Project 2: Text Editor Buffer (Gap Buffer Implementation)

Sprint: 2 - Data & Invariants Difficulty: Advanced Time Estimate: 1-2 weeks Prerequisites: Project 1 (or equivalent dynamic array understanding)

Overview

What you’ll build: The core buffer data structure used by real text editors—a gap buffer that efficiently handles insertions and deletions at the cursor position.

Why it teaches Data & Invariants: A gap buffer has one of the most elegant invariant sets in computer science:

[text before cursor][.....gap.....][text after cursor]

The “gap” is uninitialized memory that moves with the cursor.
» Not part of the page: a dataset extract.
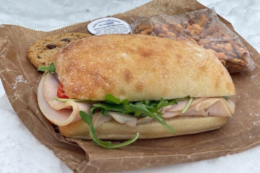 - Please leave your sandwich choice in the Special Requirements Box.Choice of sandwich: turkey, ham, roast beef, or veggie. Choice of drink: coffee, tea, hot cocoa (water included for everyone). Other snack choices like chips, cookies, and crackers are provided.

You must track:

Where the gap starts
Where the gap ends
What’s “real text” vs “garbage in the gap”
When the buffer needs to grow

One wrong index and you’re reading garbage or corrupting memory.

The Core Question You’re Answering:

“How do you make text insertion O(1) when arrays require O(n) shifting, without using a linked list of characters?”

Learning Objectives

By the end of this project, you will be able to:

Implement a gap buffer with correct invariants
Handle memory movement using memmove (not memcpy) for overlapping regions
Represent “absence” safely (the gap contains garbage)
Design struct layout for performance
Debug buffer corruption using visualization
Understand aliasing dangers when pointers overlap

Theoretical Foundation

The Gap Buffer Concept

Text editing has a locality property—99% of edits happen at or near the cursor position. A gap buffer exploits this:

Gap Buffer Structure:
┌──────────────────────────────────────────────────────────────┐
│  "Hello World" with cursor after "Hello "                    │
│                                                              │
│  In memory:                                                  │
│  [H][e][l][l][o][ ][   GAP   ][W][o][r][l][d]               │
│   0  1  2  3  4  5  6 7 8 9 10 11 12 13 14 15               │
│                     ^         ^                              │
│                 gap_start   gap_end                          │
│                                                              │
│  The cursor is ALWAYS at gap_start                          │
└──────────────────────────────────────────────────────────────┘

The Invariants

INVARIANT 1: gap_start <= gap_end
  (The gap cannot have negative size)

INVARIANT 2: gap_end <= total_size
  (The gap end cannot exceed buffer size)

INVARIANT 3: buffer[0..gap_start-1] is valid text
  (Text before cursor is meaningful)

INVARIANT 4: buffer[gap_start..gap_end-1] is GARBAGE
  (NEVER read this memory!)

INVARIANT 5: buffer[gap_end..total_size-1] is valid text
  (Text after cursor is meaningful)

INVARIANT 6: cursor_position == gap_start
  (Cursor is always at start of gap)

Operations

Insert Character:

Before: [H][e][l][l][o][ ][GAP GAP GAP][W][o][r][l][d]
                         ^gap_start

Insert 'X':
        [H][e][l][l][o][ ][X][GAP GAP][W][o][r][l][d]
                            ^gap_start (incremented)

Time complexity: O(1) - just write to gap_start and increment

Delete Character (Backspace):

Before: [H][e][l][l][o][ ][GAP GAP GAP][W][o][r][l][d]
                         ^gap_start

Backspace:
        [H][e][l][l][o][GAP GAP GAP GAP][W][o][r][l][d]
                       ^gap_start (decremented)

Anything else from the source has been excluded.